В марте 1944 года сотня пошла с Тернопольщины через Львовщину на Холмщину. Большевицкий фронт в апреле стал под Бродами, а мы пошли от фронта на запад. Удачно перешли железную дорогу Киев-Львов, это было не так просто сделать, потому что немцы с обеих сторон пути на сто метров вырезали все до кустика — голо было. И все время ездила дрезина, обстреливала лес — для испуга, чтобы не подложили мину. Поэтому нам надо было ползти, чтобы не заметил никто.

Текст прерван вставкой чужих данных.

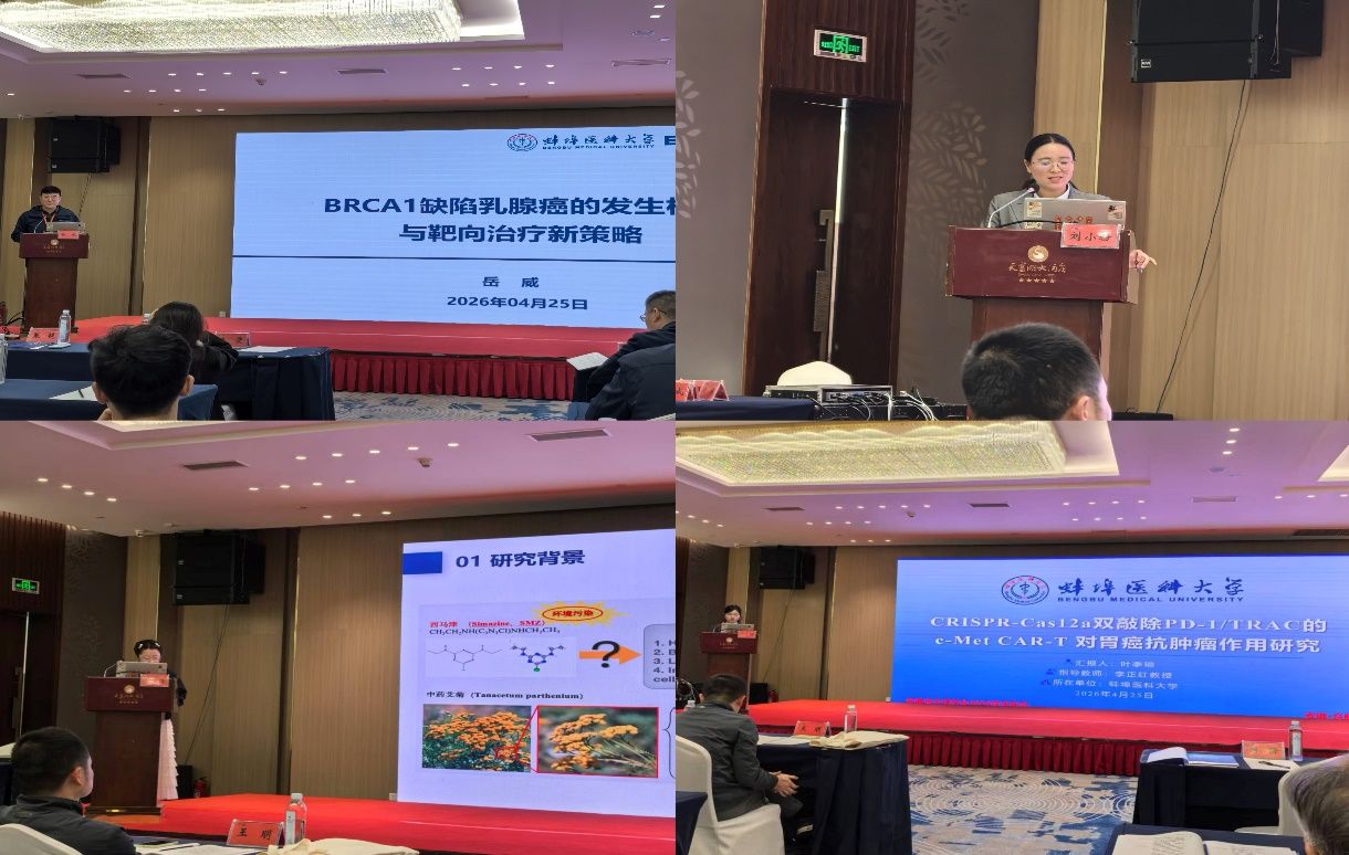 经过学科团队积极动员,我校师生共投稿摘要21篇,展示了我校生理学近年来学科建设成效。岳威副研究员作了题为《BRCA1缺陷乳腺癌的发生机制和靶向治疗新策略》的大会报告;刘小粉副教授分享了整合课程建设的实践和探索。研究生叶季瑄和赵安博在青年学者论坛中展示了最新研究进展。与会师生踊跃提问,与各位专家展开了深入的学术讨论。
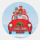 Pitbull Dog In Car With Santa Claus Classic Round Sticker
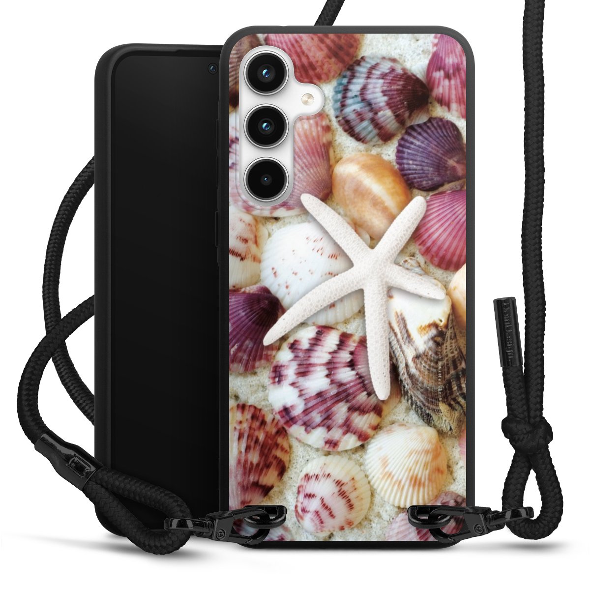 The matt black silicone case is made of flexible TPU (thermoplastic polyurethane) and offers robust protection. The durable, unbreakable material makes the cover flexible and dimensionally stable at the same time. The matte surface makes your design stand out more and is less susceptible to fingerprints and dirt. The stylish trend accessory fits comfortably in the hand and is perfectly complemented by the fabric (polyester) mobile phone strap. The braided fabric strap is approx. 1.70 metres long with a diameter of approx. 0.5 cm. Due to the special knotting technique, the length of the strap can be adjusted by simply pulling it, so that you can adapt it individually to your wishes. The practical case to wear around your neck is available with the fabric strap in black. As a little icing on the cake, we have provided the strap with a chic metal fastener in matt black. The strap is securely fastened to the case with loops made of high-quality genuine leather and press studs. The ends of the fabric strap are covered with metallic end caps and thus protected from fraying.
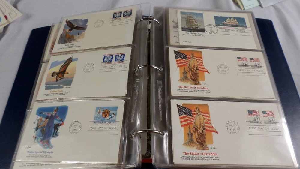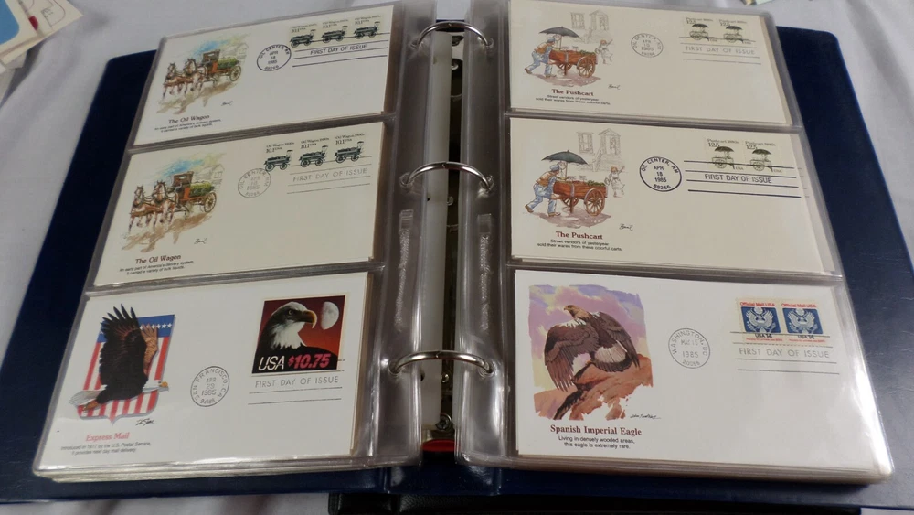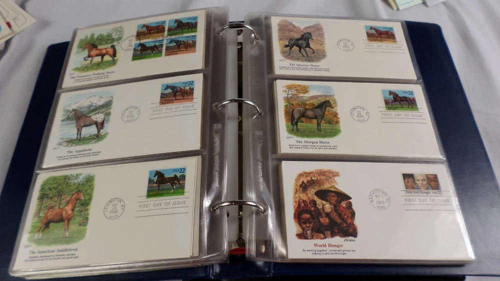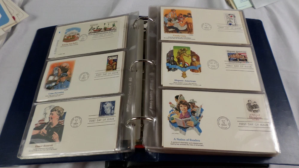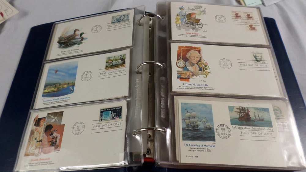 You are buying 150 First Day Covers Fleetwood Album 1984-1986 Envelopes, Few Postal Cards MINT. You will received 150 First Day Covers made by Fleetwood. The years these covers are from are 1984 to 1986 and include everything. There are transportation Official mail, Express and Official Mail and much more. There are almost all envelopes and a few postal cards, but they are all 1st day covers. Fleetwood covers are just gorgeous. I could only show the first 129 of these, I run out of space on the pictures so 21 of these are not shown They vary from .06 cents to 10.75 Cents. They are mint, the album is mint, great collection of gorgeous Fleetwood covers and they are all behind plastic. There are many more pictures, but ebay only allow 24. Smoke and Pet Free. Shipping is calculated for you, no overseas shipping.
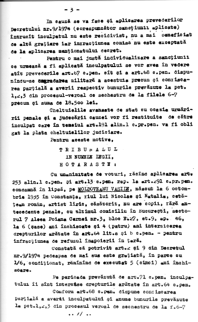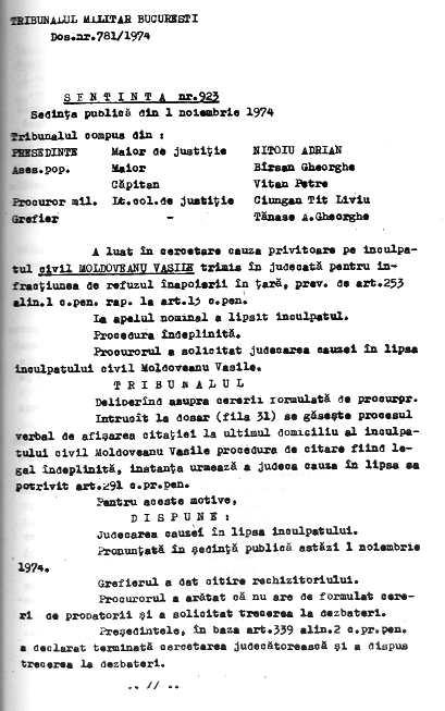 Notă: Informațiile din acest articol, precum și reproducerile din dosarul penal se datorează doamnei Ioana Diaconescu. Domnia sa a obținut informațiile respective de la CNSAS și le-a publicat în cartea Vasile Moldoveanu – Un tenor român pe patru continente: Pasiune și credință, București, 2011, Editura Muzicală.
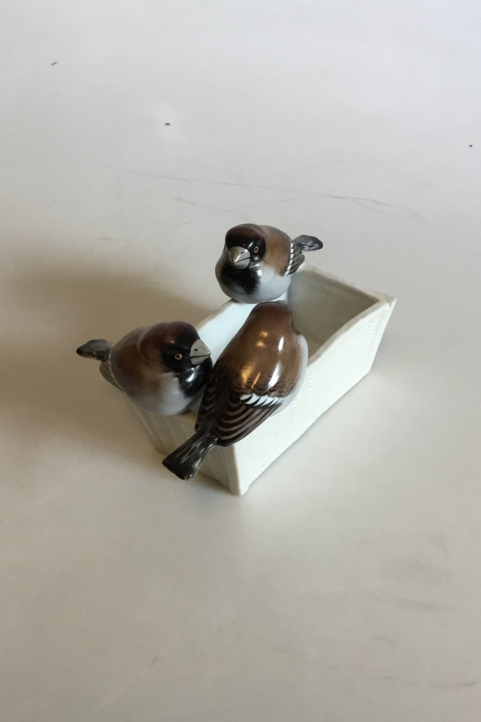 Faience Small Jardiniere with Three Sparrows. Measures 20 cm / 7 7/8 in.

На Галичине стали мы на постой в каком-то селе около Бродов. Перед этим очень долго в лесу стояли, не могли никак пройти. А я, когда квартировал, то всегда вечером выходил, изучал местность: «Так, здесь мы стоим, там дорога в лес, тут село». Никогда не было так, чтобы я не знал, где я нахожусь. Нас было двое в хате — я и «Пава». Он был старше меня, служил в немецкой полиции, потом убежал к нам. Сняли мы сапоги, легли спать, оружие поставили. Не раздевались, только разулись. А эта хата была чуть дальше от дороги, с краю села, на пригорке. Хозяйка забрала ребенка, ушла ночевать к соседям, потому что боялась. Утром, на рассвете, слышим — стучат, открывают двери. Заходит большевик в плащ-палатке, с автоматом! Откуда он взялся? Спрашивает у нас:
— Кто такие?
Я говорю:
— Партизаны.
— Какого отряда?
— Калашникова.
— Ступайте к командиру!
— Есть!
Было бы в руках оружие, я бы их босой погнал, убил бы его. Но когда я сказал «партизаны», то он открыл дверь, кричит: «Братва!» А на улице стрельба! Это какая-то советская часть прорвалась в немецкий тыл — глубоко зашли, потому что фронт еще был далеко. А в селе стояли с одной стороны мы, с другой немцы, и они бой завязали с этими немцами. А наши услышали, что идет бой, и отошли. Я слышу, что он пошел к своим: «Братва! Братва!» Мы — раз! — обулись, ремень на себя, оружие в руки, и по тропинке в лес. Я вечером посмотрел, где лес — знал, куда идти. Сзади слышим: «Ёб твою мать! Убежали!» Дальше идем, видим — бежит немец за нами, без шинели. «Пава» говорит: «Я его сейчас застрелю». Я говорю: «На хрен он тебе нужен? Он тоже убегает». Спрашиваю у немца: «Откуда ты взялся?» Он говорит: «Рус загте „Стой!“ А я драп-драп!» Потом отламывает ветку, сбрасывает штаны и дерьмо с кальсон счищает! «Пава» говорит: «Я его убью!» Я ему: «Не надо, дурной ты!» Идем дальше, слышим — впереди нас по-немецки говорят. Немцы! Мы того немца посылаем вперед. Он с ними поговорил, из леса выходят немцы — в маскхалатах, с пулеметами MG. И тот немец к ним присоединился, а мы пошли к своим. Приходим к нашим:
— Почему же не сообщили нам, что отступаете?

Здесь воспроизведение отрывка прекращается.